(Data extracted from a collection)
■ ■ ■ ■
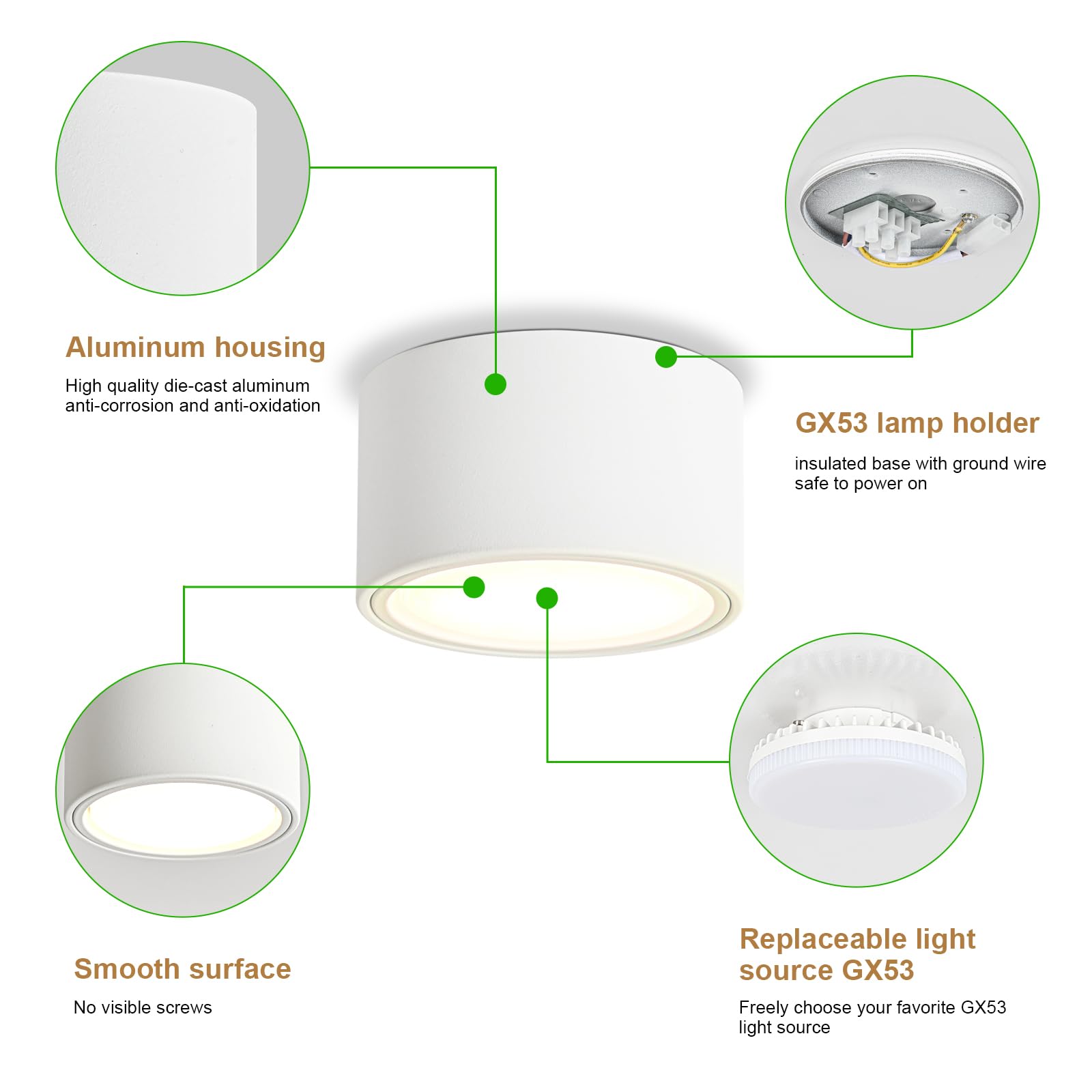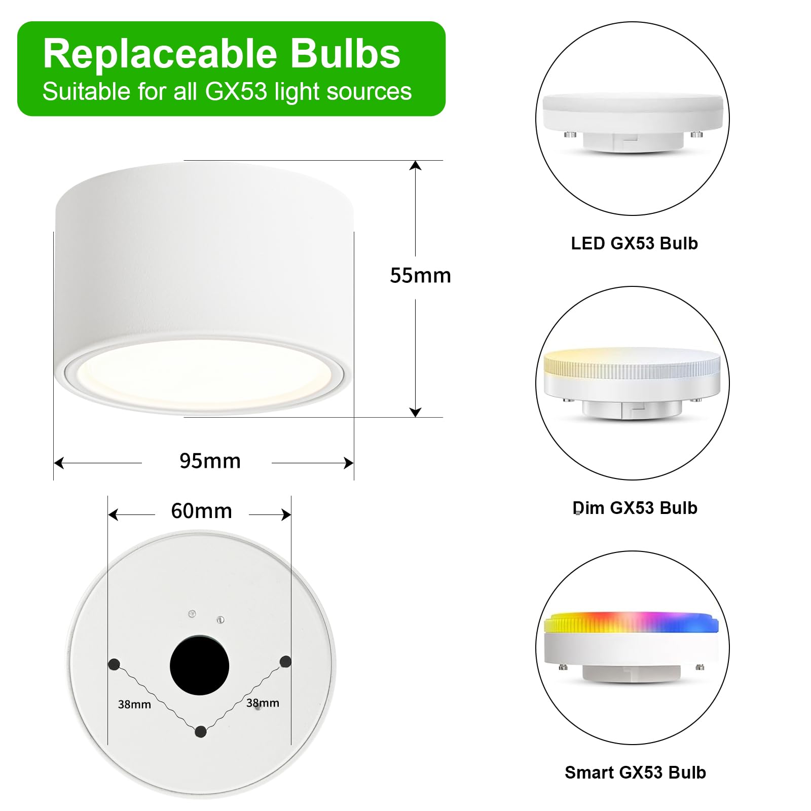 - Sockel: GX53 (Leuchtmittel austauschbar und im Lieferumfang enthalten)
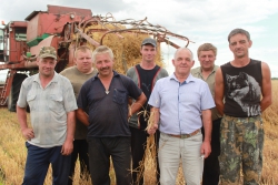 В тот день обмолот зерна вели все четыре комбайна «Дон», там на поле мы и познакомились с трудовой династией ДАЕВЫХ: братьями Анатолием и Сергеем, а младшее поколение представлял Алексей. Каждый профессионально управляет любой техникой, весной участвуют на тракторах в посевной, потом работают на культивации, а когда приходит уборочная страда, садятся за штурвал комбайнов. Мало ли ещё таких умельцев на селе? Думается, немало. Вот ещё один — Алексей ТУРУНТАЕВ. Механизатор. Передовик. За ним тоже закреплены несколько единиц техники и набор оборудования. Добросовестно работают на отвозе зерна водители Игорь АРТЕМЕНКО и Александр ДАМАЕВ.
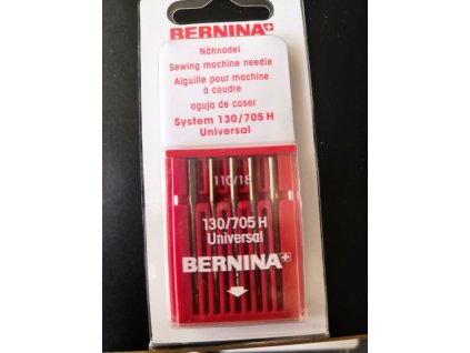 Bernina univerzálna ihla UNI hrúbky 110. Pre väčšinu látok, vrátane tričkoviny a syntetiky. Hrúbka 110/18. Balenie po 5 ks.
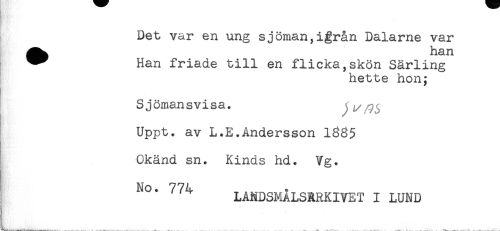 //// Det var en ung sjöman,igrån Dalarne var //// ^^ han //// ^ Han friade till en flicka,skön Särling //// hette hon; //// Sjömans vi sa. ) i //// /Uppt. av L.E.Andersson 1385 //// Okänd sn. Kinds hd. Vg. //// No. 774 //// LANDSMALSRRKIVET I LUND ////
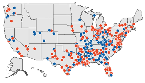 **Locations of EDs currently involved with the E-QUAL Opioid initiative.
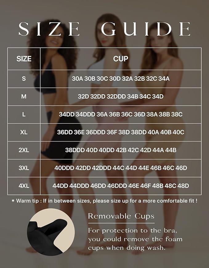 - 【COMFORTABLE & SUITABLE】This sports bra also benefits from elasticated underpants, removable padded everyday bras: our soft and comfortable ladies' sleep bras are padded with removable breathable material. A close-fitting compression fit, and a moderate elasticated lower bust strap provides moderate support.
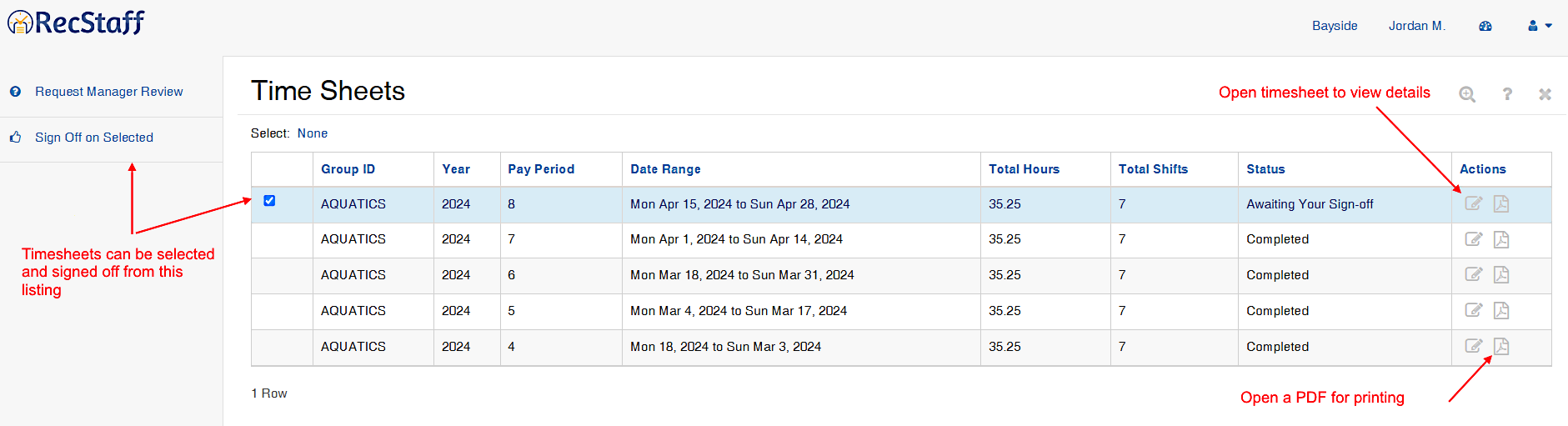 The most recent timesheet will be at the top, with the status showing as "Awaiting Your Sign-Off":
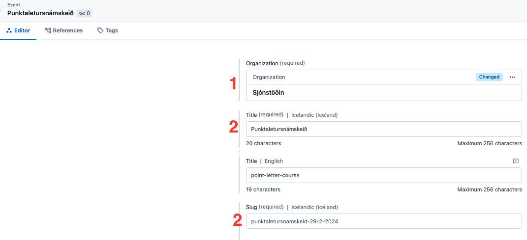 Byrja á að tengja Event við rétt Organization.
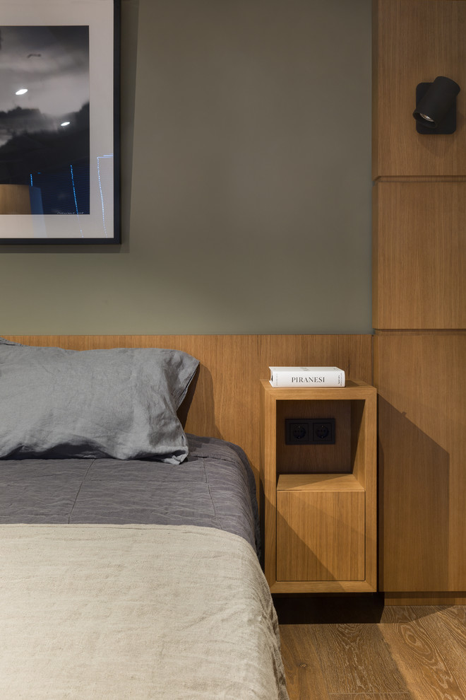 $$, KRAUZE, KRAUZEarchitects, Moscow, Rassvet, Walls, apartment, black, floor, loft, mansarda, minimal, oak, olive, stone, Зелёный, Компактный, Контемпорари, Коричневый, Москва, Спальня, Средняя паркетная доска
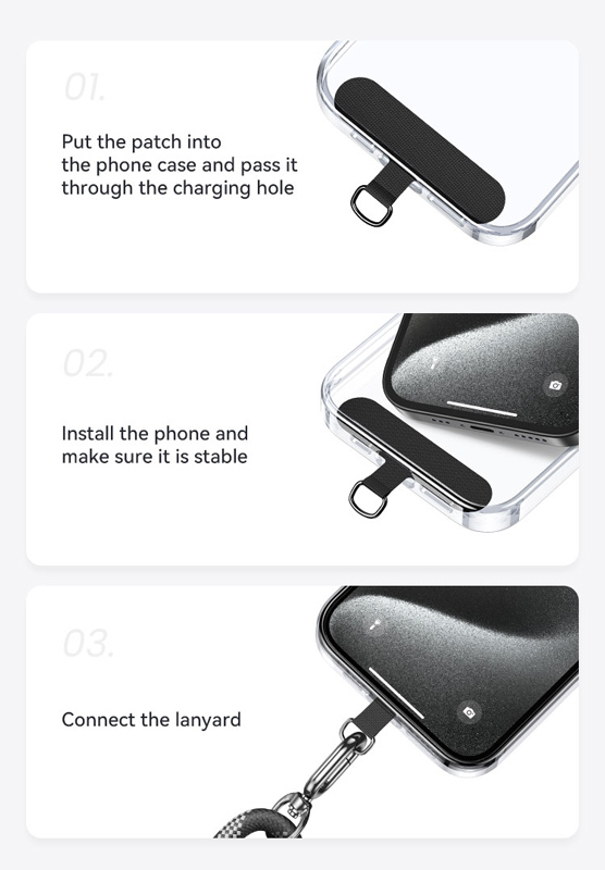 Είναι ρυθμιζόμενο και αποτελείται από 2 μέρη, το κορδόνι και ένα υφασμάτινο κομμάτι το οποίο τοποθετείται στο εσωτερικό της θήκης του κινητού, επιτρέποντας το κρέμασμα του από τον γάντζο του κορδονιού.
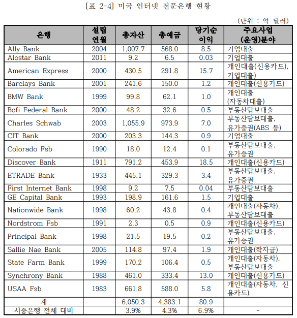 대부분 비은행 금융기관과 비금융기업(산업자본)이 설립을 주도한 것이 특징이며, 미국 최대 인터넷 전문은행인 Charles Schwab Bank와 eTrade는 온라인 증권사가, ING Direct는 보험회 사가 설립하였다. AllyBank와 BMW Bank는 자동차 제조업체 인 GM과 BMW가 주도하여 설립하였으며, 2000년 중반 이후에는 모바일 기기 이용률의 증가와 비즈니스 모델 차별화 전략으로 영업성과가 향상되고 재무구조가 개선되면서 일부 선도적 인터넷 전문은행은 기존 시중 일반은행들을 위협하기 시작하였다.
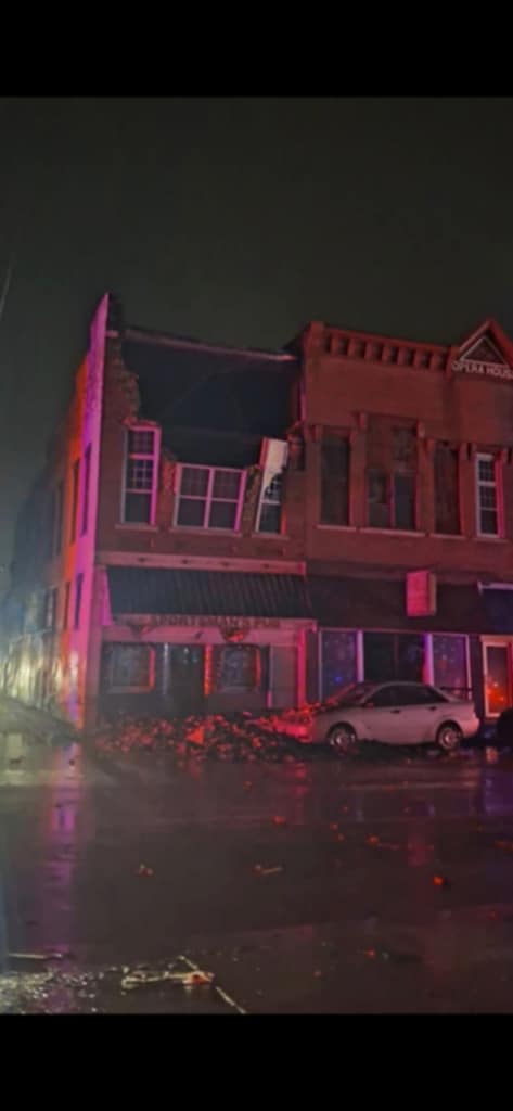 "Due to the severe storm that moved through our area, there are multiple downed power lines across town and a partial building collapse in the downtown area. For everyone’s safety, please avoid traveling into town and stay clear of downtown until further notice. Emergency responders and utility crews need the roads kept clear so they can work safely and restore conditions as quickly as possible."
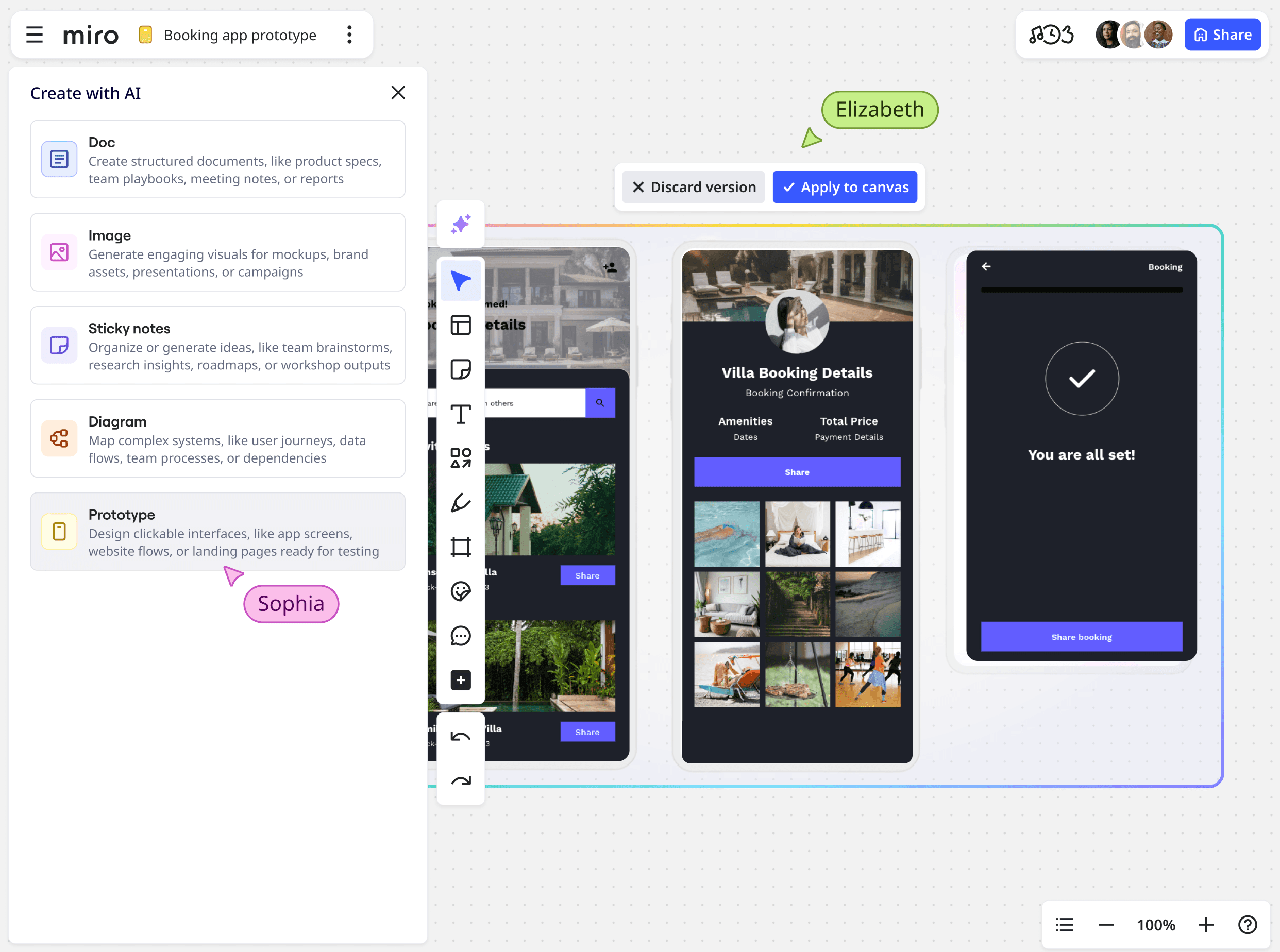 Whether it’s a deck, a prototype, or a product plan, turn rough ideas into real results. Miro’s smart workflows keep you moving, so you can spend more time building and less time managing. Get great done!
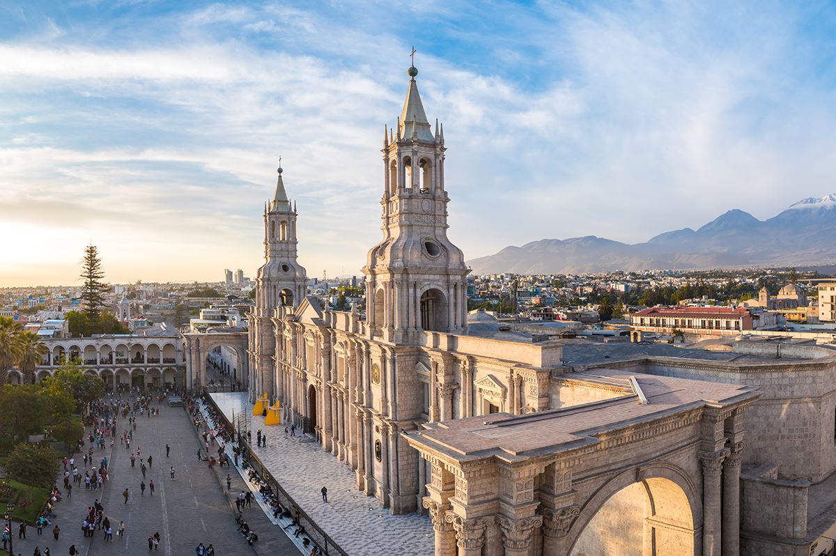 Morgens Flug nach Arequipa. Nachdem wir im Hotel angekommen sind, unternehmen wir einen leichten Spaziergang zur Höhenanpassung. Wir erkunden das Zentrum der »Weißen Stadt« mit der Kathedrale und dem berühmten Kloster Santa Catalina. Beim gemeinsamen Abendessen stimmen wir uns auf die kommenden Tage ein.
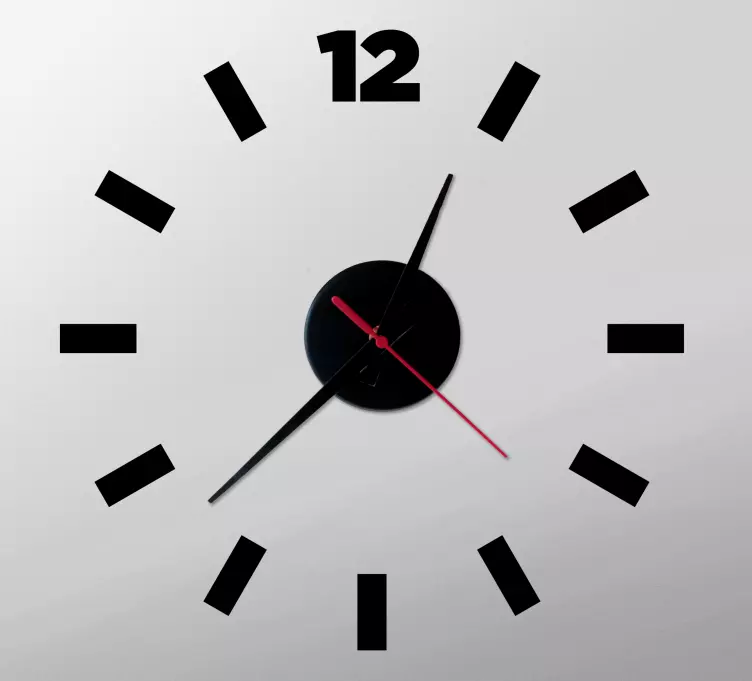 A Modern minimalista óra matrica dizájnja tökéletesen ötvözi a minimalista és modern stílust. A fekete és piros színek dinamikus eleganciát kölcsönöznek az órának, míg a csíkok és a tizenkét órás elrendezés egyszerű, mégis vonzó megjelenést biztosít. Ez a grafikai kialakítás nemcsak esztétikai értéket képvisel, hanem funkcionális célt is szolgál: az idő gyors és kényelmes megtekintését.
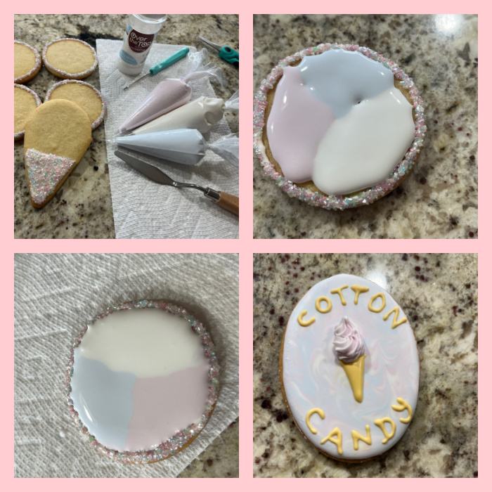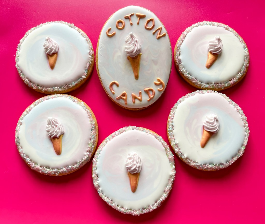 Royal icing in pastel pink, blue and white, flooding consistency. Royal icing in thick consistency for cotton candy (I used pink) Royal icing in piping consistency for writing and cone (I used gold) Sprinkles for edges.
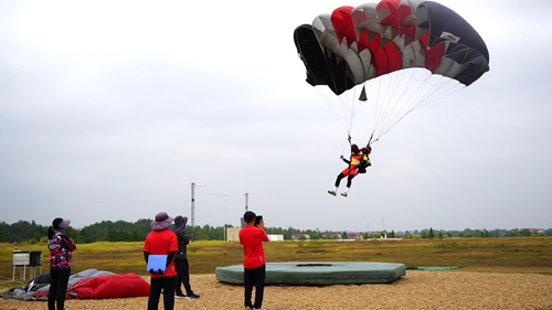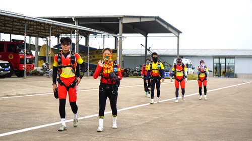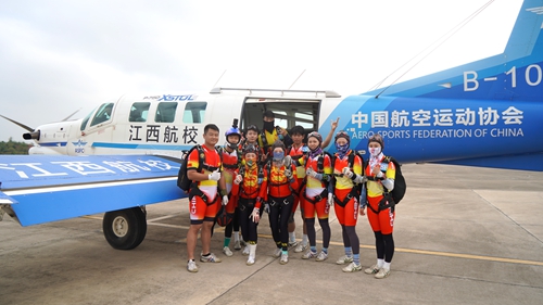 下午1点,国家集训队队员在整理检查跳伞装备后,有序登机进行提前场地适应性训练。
■ ■ ■ ■
**TASK**.
Give back the data exactly. Skip any images.

**WRITTEN ANSWER**.
 - Sockel: GX53 (Leuchtmittel austauschbar und im Lieferumfang enthalten)
 В тот день обмолот зерна вели все четыре комбайна «Дон», там на поле мы и познакомились с трудовой династией ДАЕВЫХ: братьями Анатолием и Сергеем, а младшее поколение представлял Алексей. Каждый профессионально управляет любой техникой, весной участвуют на тракторах в посевной, потом работают на культивации, а когда приходит уборочная страда, садятся за штурвал комбайнов. Мало ли ещё таких умельцев на селе? Думается, немало. Вот ещё один — Алексей ТУРУНТАЕВ. Механизатор. Передовик. За ним тоже закреплены несколько единиц техники и набор оборудования. Добросовестно работают на отвозе зерна водители Игорь АРТЕМЕНКО и Александр ДАМАЕВ.
 Bernina univerzálna ihla UNI hrúbky 110. Pre väčšinu látok, vrátane tričkoviny a syntetiky. Hrúbka 110/18. Balenie po 5 ks.
 //// Det var en ung sjöman,igrån Dalarne var //// ^^ han //// ^ Han friade till en flicka,skön Särling //// hette hon; //// Sjömans vi sa. ) i //// /Uppt. av L.E.Andersson 1385 //// Okänd sn. Kinds hd. Vg. //// No. 774 //// LANDSMALSRRKIVET I LUND ////
 **Locations of EDs currently involved with the E-QUAL Opioid initiative.
 - 【COMFORTABLE & SUITABLE】This sports bra also benefits from elasticated underpants, removable padded everyday bras: our soft and comfortable ladies' sleep bras are padded with removable breathable material. A close-fitting compression fit, and a moderate elasticated lower bust strap provides moderate support.
 The most recent timesheet will be at the top, with the status showing as "Awaiting Your Sign-Off":
 Byrja á að tengja Event við rétt Organization.
 $$, KRAUZE, KRAUZEarchitects, Moscow, Rassvet, Walls, apartment, black, floor, loft, mansarda, minimal, oak, olive, stone, Зелёный, Компактный, Контемпорари, Коричневый, Москва, Спальня, Средняя паркетная доска
 Είναι ρυθμιζόμενο και αποτελείται από 2 μέρη, το κορδόνι και ένα υφασμάτινο κομμάτι το οποίο τοποθετείται στο εσωτερικό της θήκης του κινητού, επιτρέποντας το κρέμασμα του από τον γάντζο του κορδονιού.
 대부분 비은행 금융기관과 비금융기업(산업자본)이 설립을 주도한 것이 특징이며, 미국 최대 인터넷 전문은행인 Charles Schwab Bank와 eTrade는 온라인 증권사가, ING Direct는 보험회 사가 설립하였다. AllyBank와 BMW Bank는 자동차 제조업체 인 GM과 BMW가 주도하여 설립하였으며, 2000년 중반 이후에는 모바일 기기 이용률의 증가와 비즈니스 모델 차별화 전략으로 영업성과가 향상되고 재무구조가 개선되면서 일부 선도적 인터넷 전문은행은 기존 시중 일반은행들을 위협하기 시작하였다.
 "Due to the severe storm that moved through our area, there are multiple downed power lines across town and a partial building collapse in the downtown area. For everyone’s safety, please avoid traveling into town and stay clear of downtown until further notice. Emergency responders and utility crews need the roads kept clear so they can work safely and restore conditions as quickly as possible."
 Whether it’s a deck, a prototype, or a product plan, turn rough ideas into real results. Miro’s smart workflows keep you moving, so you can spend more time building and less time managing. Get great done!
 Morgens Flug nach Arequipa. Nachdem wir im Hotel angekommen sind, unternehmen wir einen leichten Spaziergang zur Höhenanpassung. Wir erkunden das Zentrum der »Weißen Stadt« mit der Kathedrale und dem berühmten Kloster Santa Catalina. Beim gemeinsamen Abendessen stimmen wir uns auf die kommenden Tage ein.
 A Modern minimalista óra matrica dizájnja tökéletesen ötvözi a minimalista és modern stílust. A fekete és piros színek dinamikus eleganciát kölcsönöznek az órának, míg a csíkok és a tizenkét órás elrendezés egyszerű, mégis vonzó megjelenést biztosít. Ez a grafikai kialakítás nemcsak esztétikai értéket képvisel, hanem funkcionális célt is szolgál: az idő gyors és kényelmes megtekintését.
 Royal icing in pastel pink, blue and white, flooding consistency. Royal icing in thick consistency for cotton candy (I used pink) Royal icing in piping consistency for writing and cone (I used gold) Sprinkles for edges.
 下午1点,国家集训队队员在整理检查跳伞装备后,有序登机进行提前场地适应性训练。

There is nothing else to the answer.